İLK SENARYO ÇÖPE GİTTİ
Ülkemizde bu hafta vizyona giren film; Usame Bin Ladin'in Amerikan özel güçleri tarafından öldürülüşünün 10 yıla yayılan öyküsünü konu ediyor. Aslında Bigelow'un niyeti; Amerikan güçlerinin Bin Ladin'i yakalayamadığı Tora Bora çatışmasını anlatmakmış. Fakat Mark Boal filmin senaryosunun büyük bölümünü tamamlamışken Bin Ladin'in ölüm haberi gelmiş... Bigelow ile Boal da senaryoyu çöpe atıp projeyi Bin Ladin'i öldürme operasyonunun öyküsü olarak kurmuşlar. Ordudan ve istihbarattan birçok kişiyle bağlantısı bulunan Boal, projenin ilk hali için yaptığı araştırmalardan bu film için de faydalanmış. Nihayetinde ortaya; 11 Eylül 2001'den, yani New York'ta İkiz Kuleler'in yıkılışından 2 Mayıs 2011'de Usame Bin Ladin'in Pakistan'da öldürülmesine uzanan filmin senaryosu çıkmış. Film; bugüne kadar birçok eleştirinin hedefi oldu. Birçok kişi filmin, insanlık dışı sorgulama tekniklerini makul gösterdiğini ve işkenceyi 'kabul edilebilir' kıldığını savunuyor. Kimileri ise senarist ve yönetmenin, Amerikan istihbaratının gizli bilgilerine nasıl ulaştığını sorguluyor.
SES GETİRDİ
Tüm bu tartışmalara rağmen 'Zero Dark Thirty'; ödül mevsiminde adı sıkça geçen bir film oldu. Altın Küre'de dört dalda aday olan fim; başrol oyuncusu Jessica Chastain'e 'En İyi Kadın Oyuncu' ödülünü getirdi. Film, Oscar'da ise 'En İyi Film' dahil beş dalda aday gösterildi ancak bunların arasında 'En İyi Yönetmen' dalı yok. Filmin oyuncu kadrosunda ise birçok önemli projede yer almış Jessica Chastain'in dışında, Jason Clarke, Jennifer Ehle, Kyle Chandler ve James Gandolfini gibi isimler var.

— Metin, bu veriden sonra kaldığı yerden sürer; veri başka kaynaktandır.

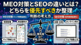 SEOは中長期で指名検索や専門テーマの流入を作り、MEOは地域検索の入口を押さえる、という分担が考えられます。
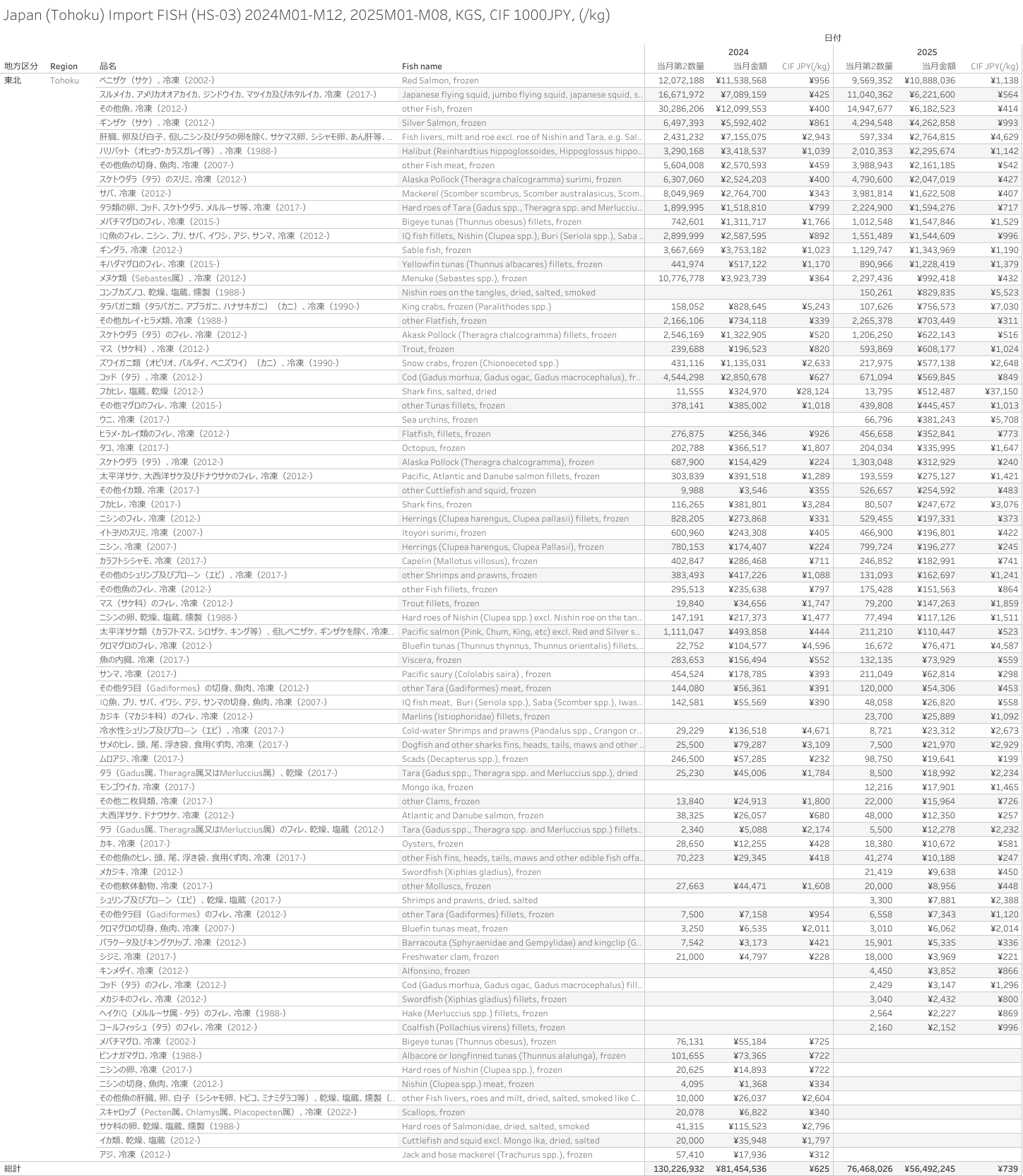 Japan (Tohoku) Import Fish (HS-03) 2025M08

'CIA AJANI MAYA' ROLÜYLE ALTIN KÜRE'YE DAMGA VURDU
Amerikalı oyuncu Jessica Chastain; 'Zero Dark Thirty'de Bin Ladin'in peşindeki 'Maya' isimli bir CIA ajanını canlandırıyor. Bu rolüyle Altın Küre'de 'En İyi Kadın Oyuncu' ödülünü kazanan oyuncu; Oscar'ın da en güçlü adayları arasında gösteriliyor. Chastain, filmdeki rolünü şöyle anlatıyor: "Maya' karakterini canlandırmaktan onur duyuyorum çünkü onun gibilerini sinemada az görüyoruz. 'Maya', çok entelektüel ve güçlü bir kadın. Onu oynamak harikaydı." İzleyicinin, kadınları farklı rollerde görmeye alışamadığını söyleyen Chastain, "Bu filmde tamamen işiyle öne çıkan bir kadını oynamak çok hoştu" diyor.
#Sayfa#
ERKEK HOLLYWOOD ARENASINDA GÜÇLÜ BİR KADIN
Kathryn Bigelow, 2010'da Oscar'da rakip olduğu eski eşi James Cameron'a ve filmi 'Avatar'a karşı elde ettiği zaferin ardından, iddialı yapımlara yöneldi. Otoriteler; Bigelow sinemasının ikiye bölünerek ele alınması gerektiğini söylüyor. Yönetmen; 2000'lere kadar olan bölümde 'Karanlık Bastığında', 'Kırılma Noktası' ve 'Tuhaf Günler' gibi görsel açıdan dikkat çekici filmler çekti. 2000'den sonra ise aktüel konuları ele alan aksiyon filmlerine yöneldi.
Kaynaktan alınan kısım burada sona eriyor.